[论文解读] RTbust: Exploiting Temporal Patterns for Botnet Detection on Twitter

Within OSNs, many of our supposedly online friends may instead be fake accounts called social bots, part of large groups that purposely re-share targeted content. Here, we study retweeting behaviors on Twitter, with the ultimate goal of detecting retweeting social bots. We collect a dataset of 10M retweets. We design a novel visualization that we leverage to highlight benign and malicious patterns of retweeting activity.

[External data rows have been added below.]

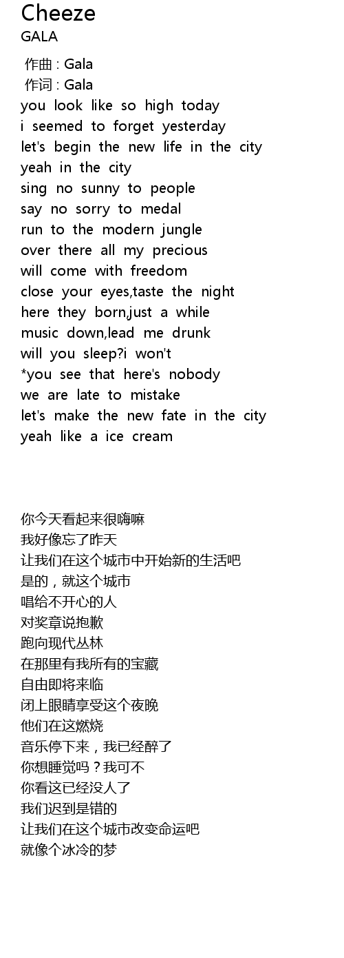 | [00:00.00] | 作曲 : Gala |
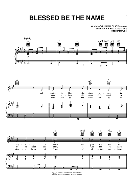 Digital Sheet Music for Blessed Be The Name by William J. Kirkpatrick, Ralph E. Hudson, William H. Clark scored for Piano/Vocal/Chords; id:373668
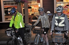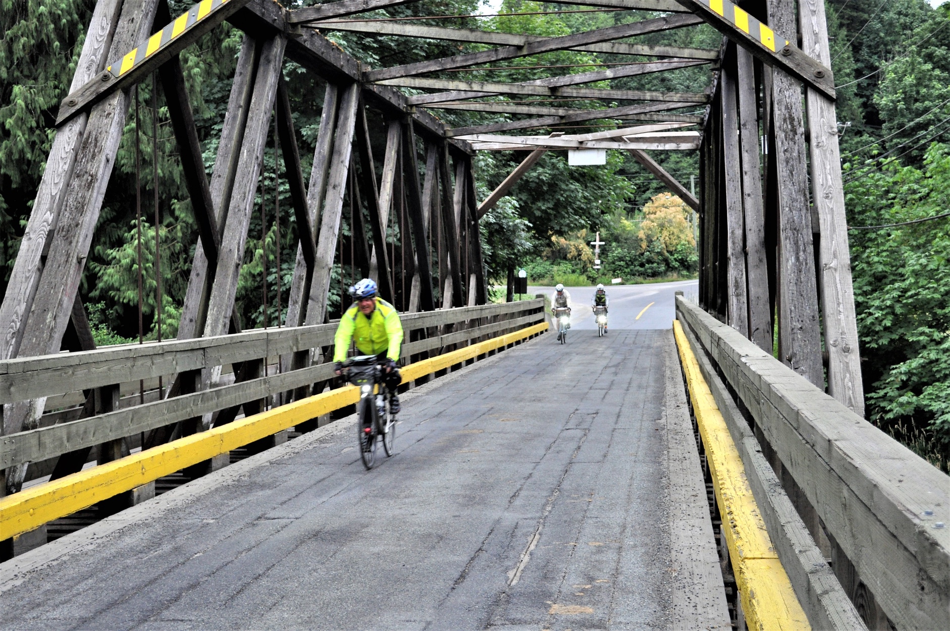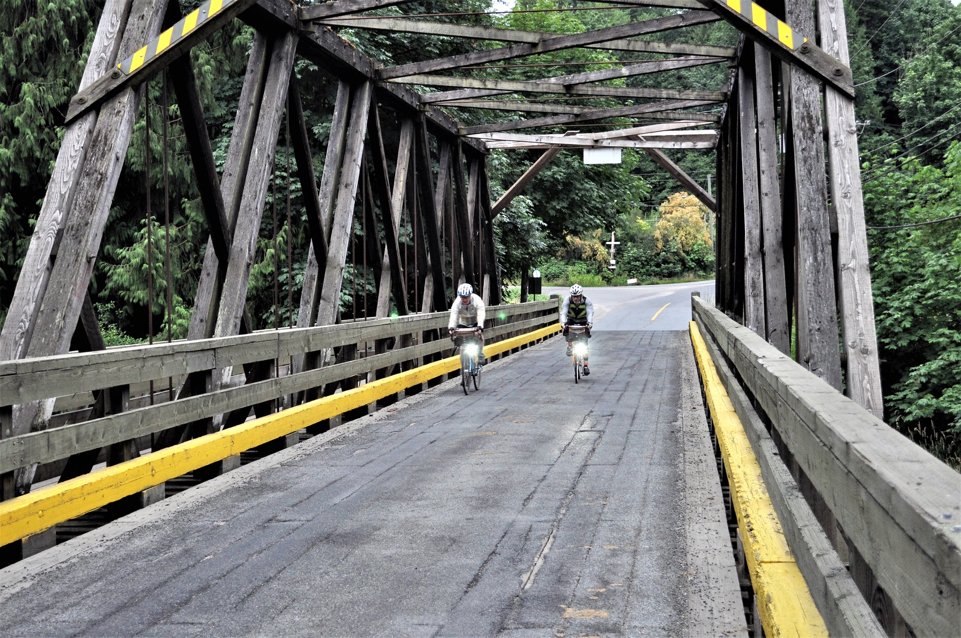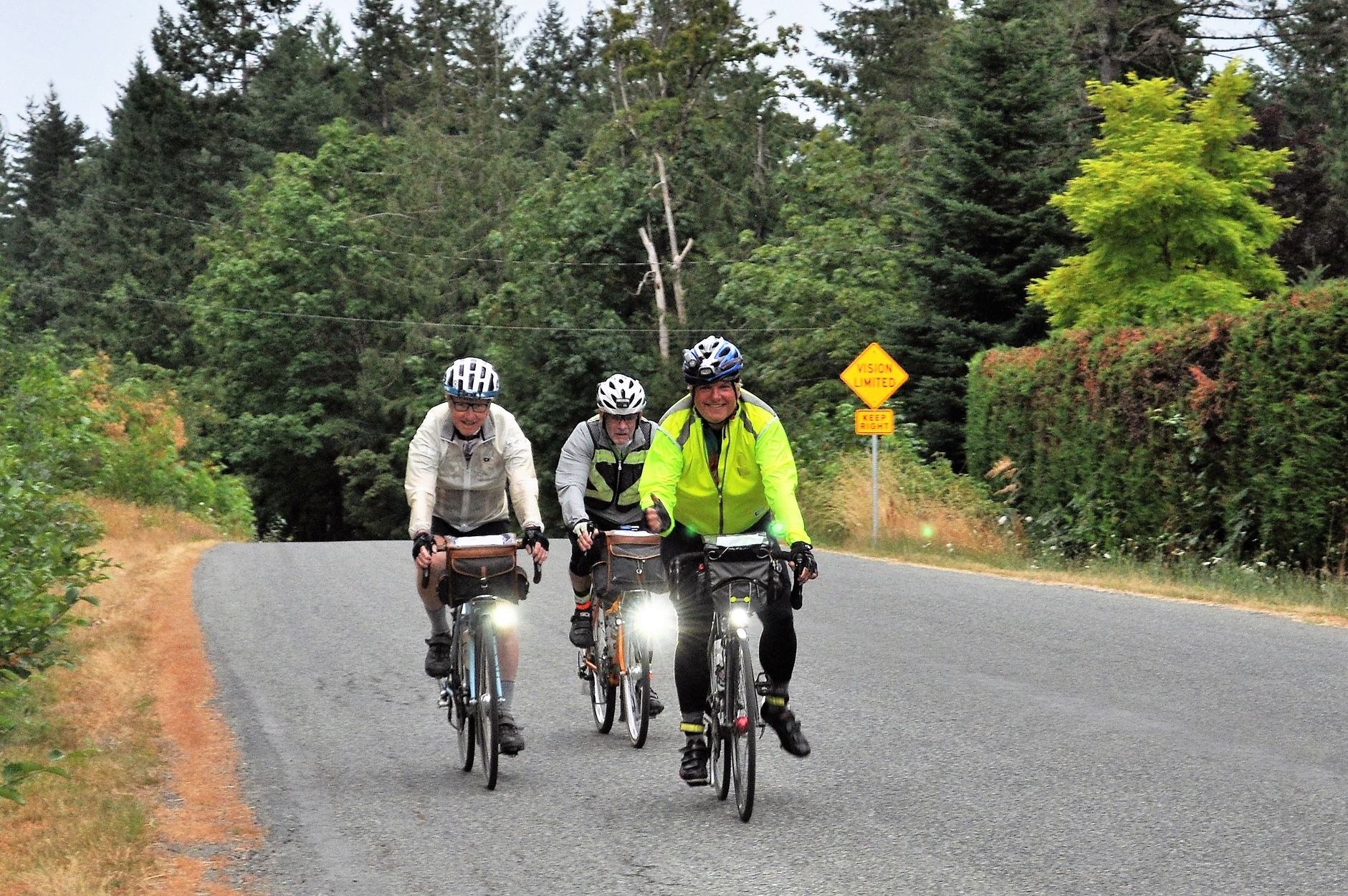 Tour of Bays 400 On ride day, the three ride volunteers and three riders gathered at the Tim Horton's on Deloume Rd in Mill Bay well prior to the event start. Mark Payten, Dave White and Buddy Bhandar took the waivers and went over the pre-event explanations with Barry Chase, David Lach and Gary Baker. Promptly at 0500 the participants were underway. Although the forecast had called for a mix of sun and clouds and highs in the low 20's Celsius, there was a light mist descending from the heavens. Fortunately, the temperature was pleasant and the misting stopped later that morning. Buddy remained at the start in case of any late arrivals. Mark and Dave drove out to the first control for photo opportunities. The four photos above are at the start, by the control on Mountain Rd and crossing the Koksilah River on the road of the identical name. The three riders remained together for the entire ride and completed the event at 0603PDT on July 23rd for a time of 25hrs and 3min. Feedback on the new route indicated that it was a scenic ride on roads less traveled. All three riders also commented there were more than a few hills on this ride.

In this way, we uncover a 'normal' retweeting pattern that is peculiar of human-operated accounts, and 3 suspicious patterns related to bot activities. Then, we propose a bot detection technique that stems from the previous exploration of retweeting behaviors. Our technique, called Retweet-Buster (RTbust), leverages unsupervised feature extraction and clustering. An LSTM autoencoder converts the retweet time series into compact and informative latent feature vectors, which are then clustered with a hierarchical density-based algorithm. Accounts belonging to large clusters characterized by malicious retweeting patterns are labeled as bots. RTbust obtains excellent detection results, with F1 = 0.87, whereas competitors achieve F1 < 0.76. Finally, we apply RTbust to a large dataset of retweets, uncovering 2 previously unknown active botnets with hundreds of accounts.